→ **EXERCISE REQUIREMENTS**:
Keep images out and repeat all data exactly.

*** Opening DATASET EXCERPT ***

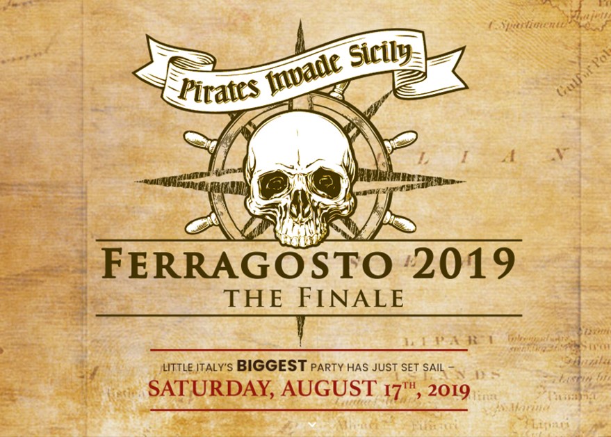 Get ready to party and benefit your Neighborhood all at the same time! It is that time of the year again! Ferragosto's final event: "Pirates Invade Sicily" is heading to Little Italy on Saturday, August 17, 2019. There will be pirates, shipwrecks, dancing, food, and giving for Little Italy's deserving charities. Reserve your seat and party and benefit your community all at the same time!
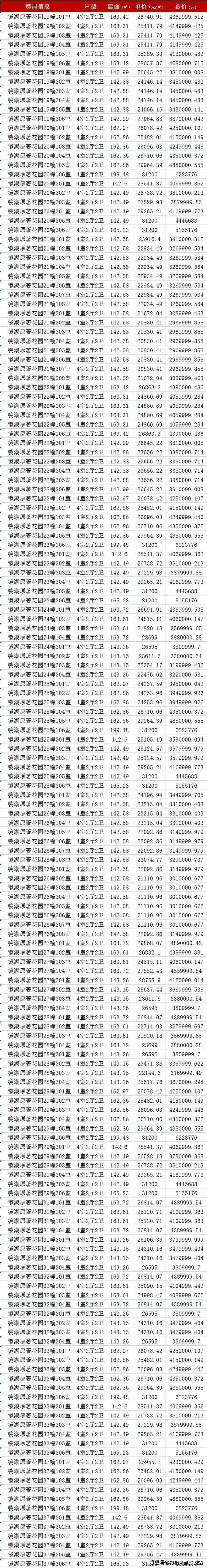 镜湖原著一房一价表
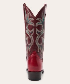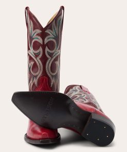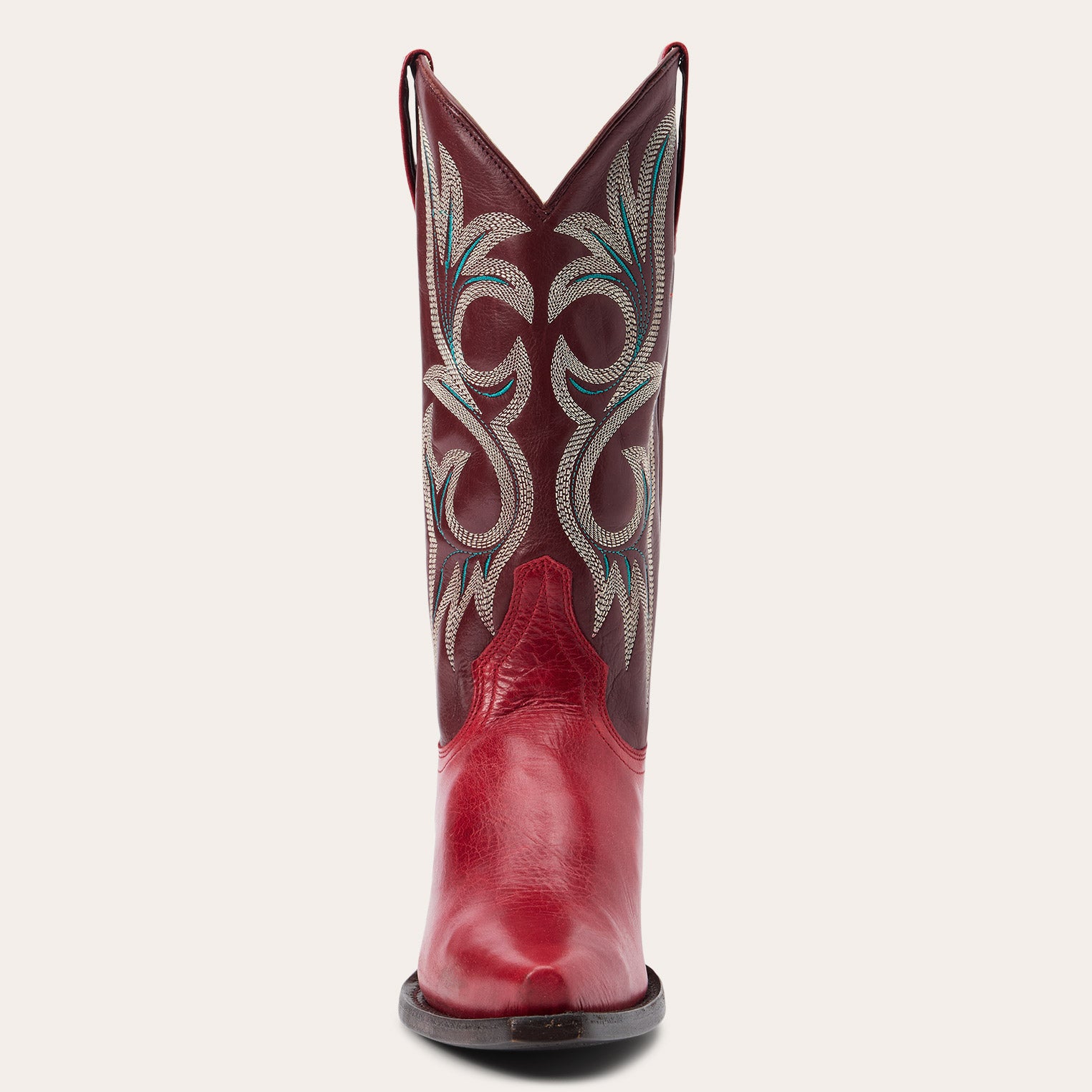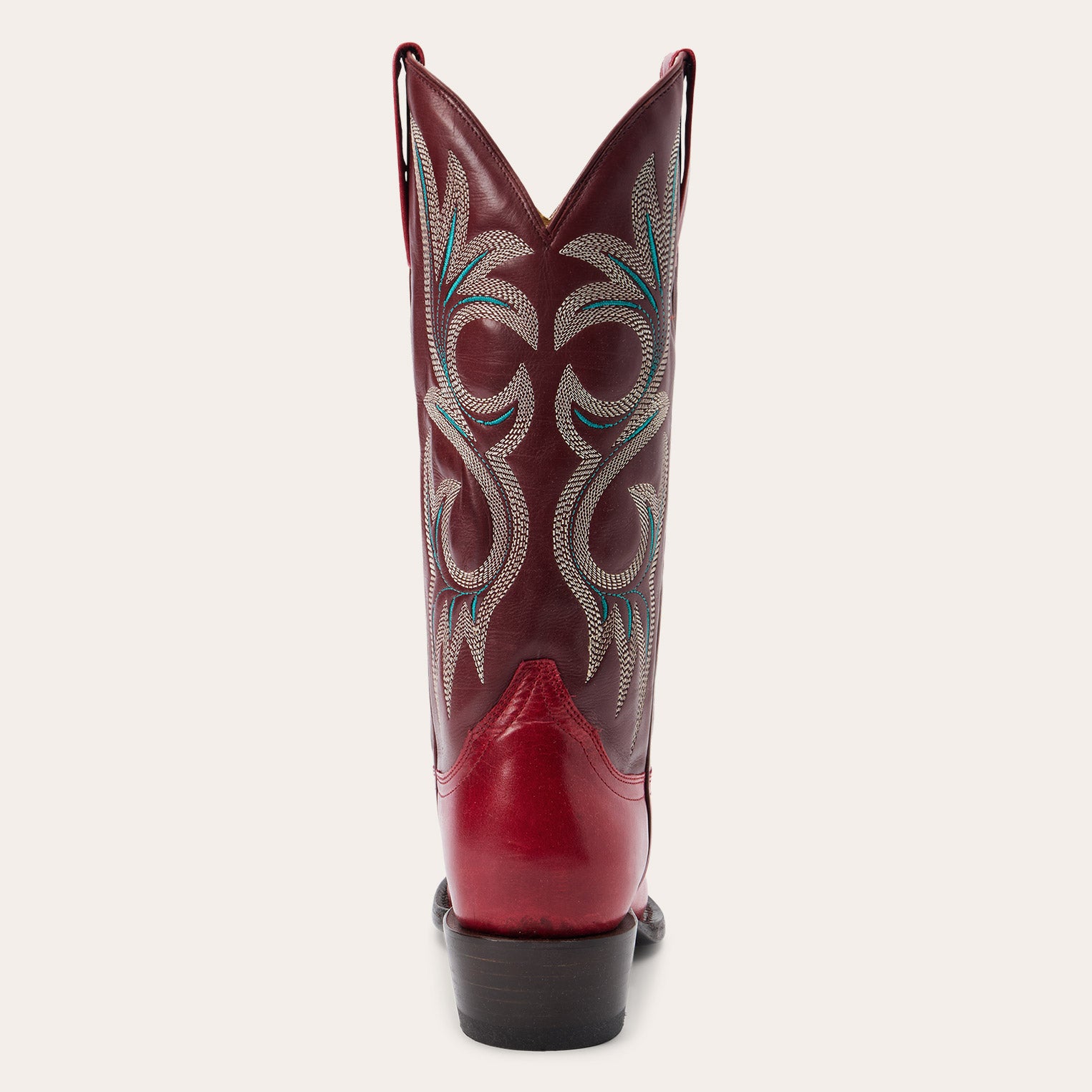 The Lauren Boot has a leather vamp and a 13” embroidered shaft and features a ship toe—a statement-making style—and a stacked leather cowboy heel. Its quality construction includes single welt leather soles, brass nails and handmade lemonwood pegs that will expand and contract with any moisture the boot may encounter. Premium leather lining and a cushioned leather insole ensure heel-to-toe comfort in every step.

*** Closing DATASET EXCERPT ***

→ **EXERCISE SOLUTION**:
 Get ready to party and benefit your Neighborhood all at the same time! It is that time of the year again! Ferragosto's final event: "Pirates Invade Sicily" is heading to Little Italy on Saturday, August 17, 2019. There will be pirates, shipwrecks, dancing, food, and giving for Little Italy's deserving charities. Reserve your seat and party and benefit your community all at the same time!
 镜湖原著一房一价表
 The Lauren Boot has a leather vamp and a 13” embroidered shaft and features a ship toe—a statement-making style—and a stacked leather cowboy heel. Its quality construction includes single welt leather soles, brass nails and handmade lemonwood pegs that will expand and contract with any moisture the boot may encounter. Premium leather lining and a cushioned leather insole ensure heel-to-toe comfort in every step.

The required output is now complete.